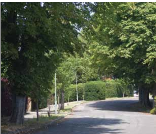
The central crescent

On London Road the large mature oaks dominate and frame the busy main thoroughfare while the entrance archways into the estate presents a strong architectural focal point. The second entrance to the estate further north is less imposing and restrained but the unmarked road and lack of street signage and clutter indicates its quiet suburban character in contrast to the busy main road from which it is accessed.
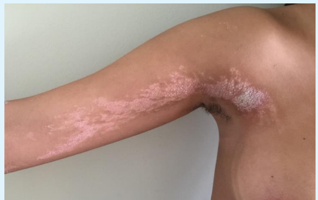
Figure 1: Erythematous-squamous plaques following the lines of Blaschko.

psoriasis linear and removed an interface lichenoid reaction (Figure 5). The patient was treated with a topical Clobetasol 0, 05%, without evident response. UVB phototherapy 3 times a week for 10 weeks had been associated. In 4 weeks there was a significant decrease of the plaques.

§ **Instructions to follow**: Output should consist of the lines above from the one with "On London Road" down to the one with "Figure 1: Erythematous-squamous", exact and without pictures.

§ **Written reply**:
On London Road the large mature oaks dominate and frame the busy main thoroughfare while the entrance archways into the estate presents a strong architectural focal point. The second entrance to the estate further north is less imposing and restrained but the unmarked road and lack of street signage and clutter indicates its quiet suburban character in contrast to the busy main road from which it is accessed.
Figure 1: Erythematous-squamous plaques following the lines of Blaschko.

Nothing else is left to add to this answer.